Data for processing:
BEGIN

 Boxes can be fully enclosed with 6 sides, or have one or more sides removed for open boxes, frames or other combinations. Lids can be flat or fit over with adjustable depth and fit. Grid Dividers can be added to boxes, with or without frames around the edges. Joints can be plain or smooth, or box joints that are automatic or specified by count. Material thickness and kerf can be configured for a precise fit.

END
BEGIN

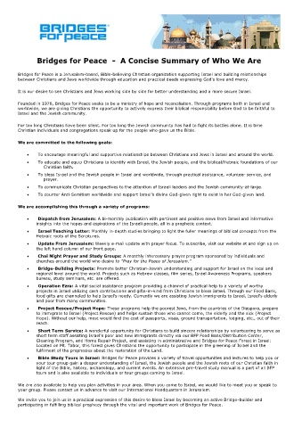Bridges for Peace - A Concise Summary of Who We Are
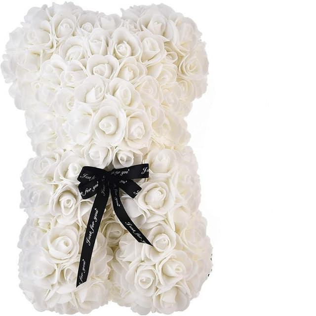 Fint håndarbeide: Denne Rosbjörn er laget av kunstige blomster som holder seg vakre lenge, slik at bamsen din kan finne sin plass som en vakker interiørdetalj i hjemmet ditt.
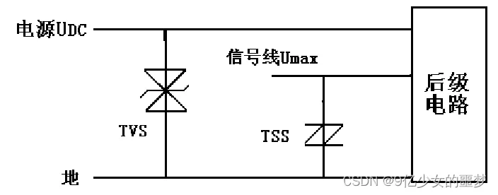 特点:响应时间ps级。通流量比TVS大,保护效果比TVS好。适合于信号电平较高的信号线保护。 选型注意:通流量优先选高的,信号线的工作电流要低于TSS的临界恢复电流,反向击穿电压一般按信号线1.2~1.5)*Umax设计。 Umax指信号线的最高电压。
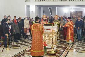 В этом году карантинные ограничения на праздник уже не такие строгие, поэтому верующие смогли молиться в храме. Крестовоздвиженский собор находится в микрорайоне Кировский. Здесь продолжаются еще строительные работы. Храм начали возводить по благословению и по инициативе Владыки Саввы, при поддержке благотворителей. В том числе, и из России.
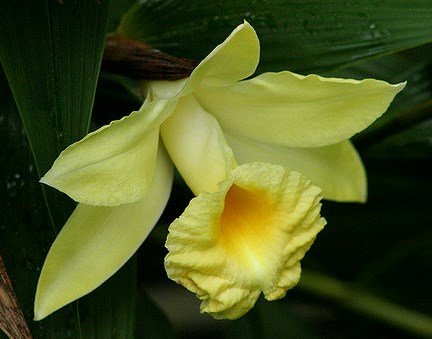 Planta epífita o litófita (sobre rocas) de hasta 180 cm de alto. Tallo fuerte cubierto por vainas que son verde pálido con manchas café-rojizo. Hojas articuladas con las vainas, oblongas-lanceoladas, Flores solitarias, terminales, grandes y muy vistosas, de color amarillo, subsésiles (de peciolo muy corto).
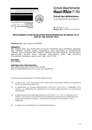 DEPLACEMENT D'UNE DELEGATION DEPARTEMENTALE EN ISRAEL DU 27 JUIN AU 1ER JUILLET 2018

END
BEGIN

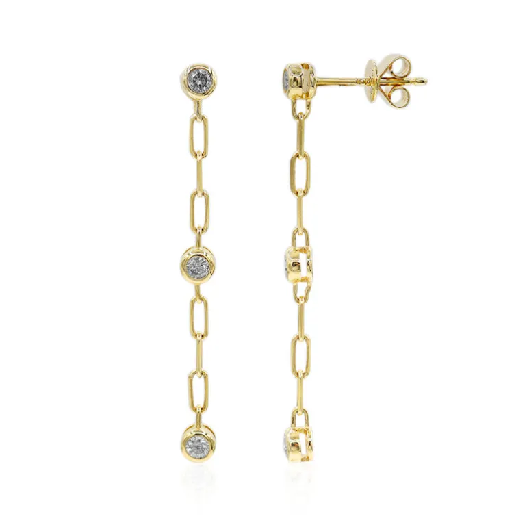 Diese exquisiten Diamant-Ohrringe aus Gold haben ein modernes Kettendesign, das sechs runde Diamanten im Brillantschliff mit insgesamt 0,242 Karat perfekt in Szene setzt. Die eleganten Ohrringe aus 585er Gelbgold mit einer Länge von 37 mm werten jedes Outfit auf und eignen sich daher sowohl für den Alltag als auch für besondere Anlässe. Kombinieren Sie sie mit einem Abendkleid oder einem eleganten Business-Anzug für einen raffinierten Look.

END

Problem to solve:
Copy only what runs above from the line containing "Planta epífita o" through the line containing "DEPLACEMENT D'UNE DELEGATION", exactly. Leave out the pictures.

Completed task:
 Planta epífita o litófita (sobre rocas) de hasta 180 cm de alto. Tallo fuerte cubierto por vainas que son verde pálido con manchas café-rojizo. Hojas articuladas con las vainas, oblongas-lanceoladas, Flores solitarias, terminales, grandes y muy vistosas, de color amarillo, subsésiles (de peciolo muy corto).
 DEPLACEMENT D'UNE DELEGATION DEPARTEMENTALE EN ISRAEL DU 27 JUIN AU 1ER JUILLET 2018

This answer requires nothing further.